◆ Excerpted data ◆
▶

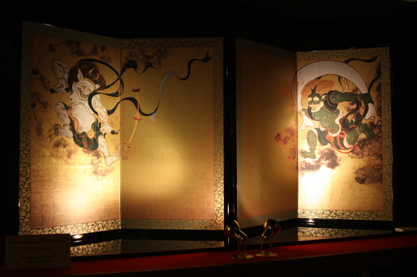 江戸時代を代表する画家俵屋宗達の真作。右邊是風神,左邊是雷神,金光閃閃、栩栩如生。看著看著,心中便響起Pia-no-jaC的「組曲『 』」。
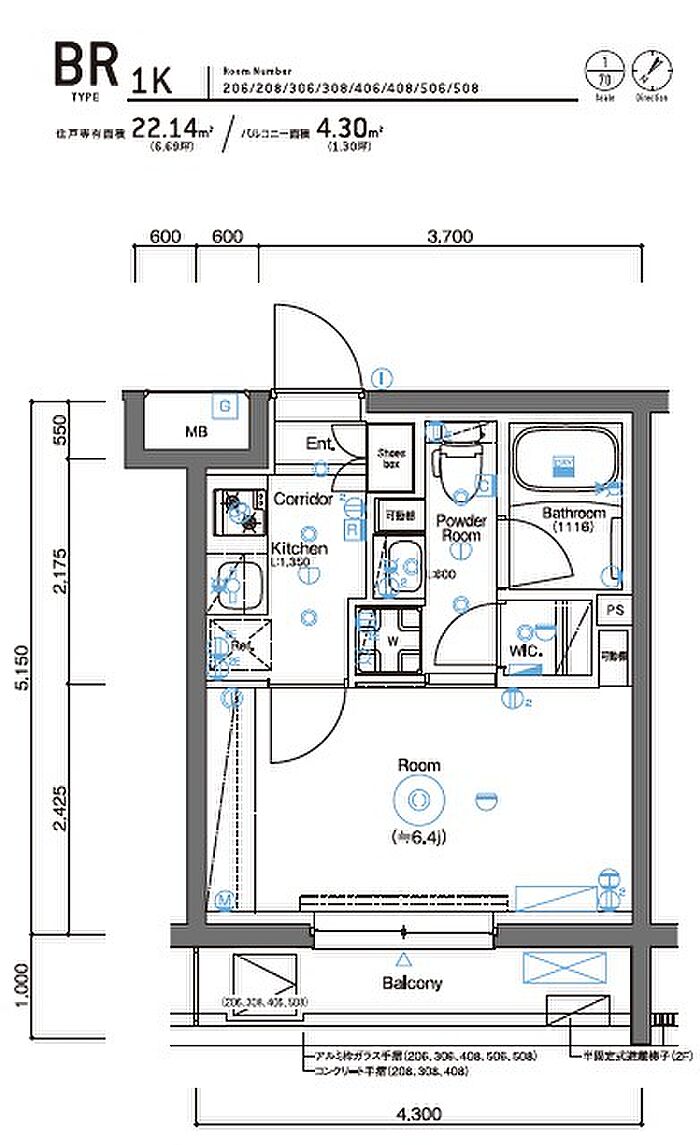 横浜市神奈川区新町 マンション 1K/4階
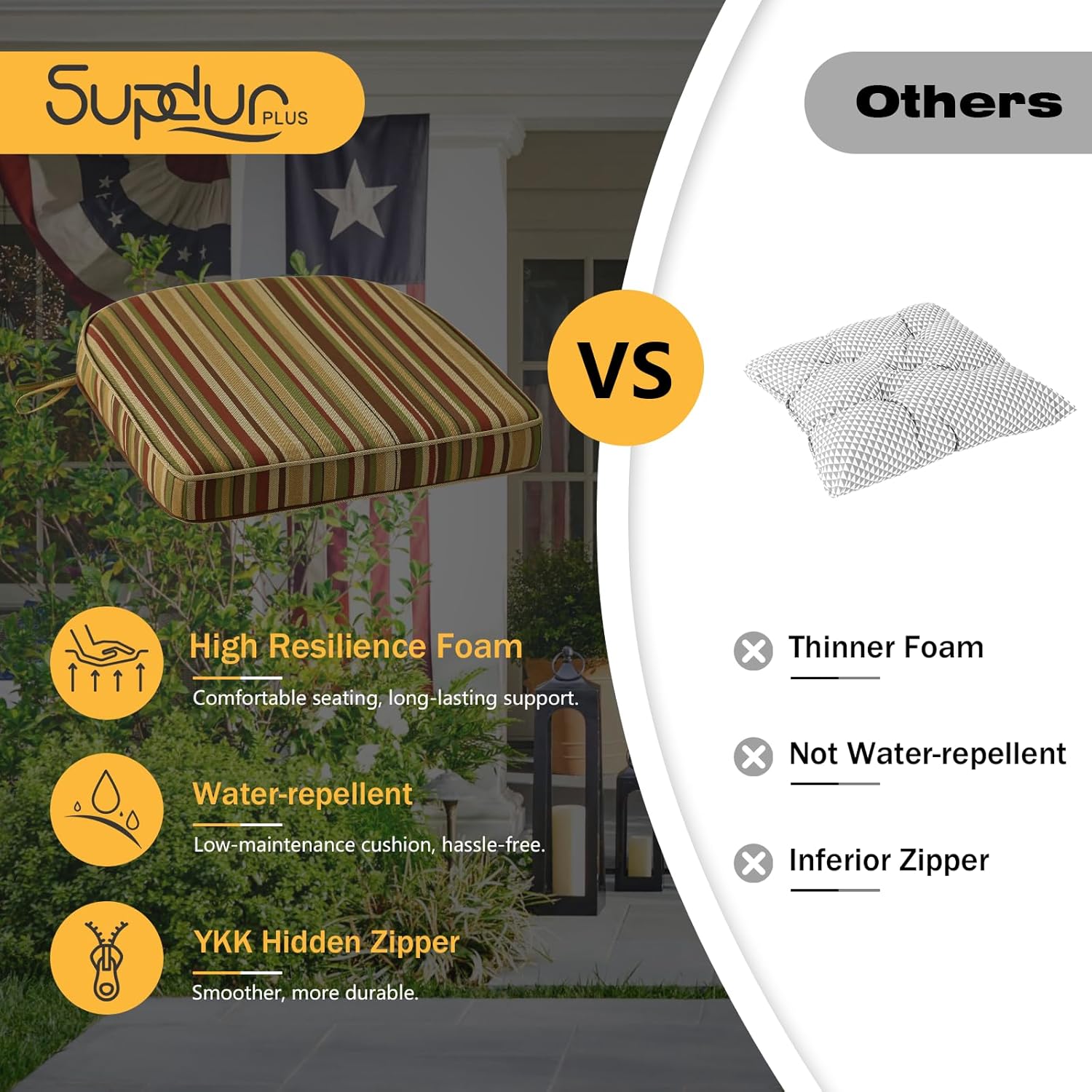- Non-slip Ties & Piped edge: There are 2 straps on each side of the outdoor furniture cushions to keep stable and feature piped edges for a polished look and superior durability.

◀
▶

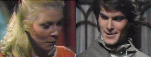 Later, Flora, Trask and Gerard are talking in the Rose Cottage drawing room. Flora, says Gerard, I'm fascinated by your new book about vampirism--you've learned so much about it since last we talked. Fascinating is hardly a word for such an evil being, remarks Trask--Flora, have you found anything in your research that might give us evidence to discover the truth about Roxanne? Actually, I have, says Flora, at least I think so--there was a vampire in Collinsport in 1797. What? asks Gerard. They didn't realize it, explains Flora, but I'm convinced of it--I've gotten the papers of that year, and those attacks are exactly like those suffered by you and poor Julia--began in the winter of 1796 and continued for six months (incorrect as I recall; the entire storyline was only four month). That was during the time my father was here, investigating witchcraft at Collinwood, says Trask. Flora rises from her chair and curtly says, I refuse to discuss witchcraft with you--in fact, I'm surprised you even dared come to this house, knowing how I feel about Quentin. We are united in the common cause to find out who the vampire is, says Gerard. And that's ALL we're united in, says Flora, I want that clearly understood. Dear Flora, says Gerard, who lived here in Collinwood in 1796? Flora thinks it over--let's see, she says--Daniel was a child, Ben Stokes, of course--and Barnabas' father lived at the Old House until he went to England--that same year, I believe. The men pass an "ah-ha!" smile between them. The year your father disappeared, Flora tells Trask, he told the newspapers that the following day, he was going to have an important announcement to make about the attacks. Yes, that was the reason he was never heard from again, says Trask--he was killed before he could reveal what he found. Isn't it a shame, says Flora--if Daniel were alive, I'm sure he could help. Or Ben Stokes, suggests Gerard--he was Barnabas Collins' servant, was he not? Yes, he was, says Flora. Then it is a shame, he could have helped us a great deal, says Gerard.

◀

◆ Task requirements ◆
Only the lines above from the one with "江戸時代を代表する画家俵屋宗" to the one with "- Non-slip Ties" should be printed, both included and exactly as written; no picture belongs in the copy.

◆ Completed exercise ◆
 江戸時代を代表する画家俵屋宗達の真作。右邊是風神,左邊是雷神,金光閃閃、栩栩如生。看著看著,心中便響起Pia-no-jaC的「組曲『 』」。
 横浜市神奈川区新町 マンション 1K/4階
- Non-slip Ties & Piped edge: There are 2 straps on each side of the outdoor furniture cushions to keep stable and feature piped edges for a polished look and superior durability.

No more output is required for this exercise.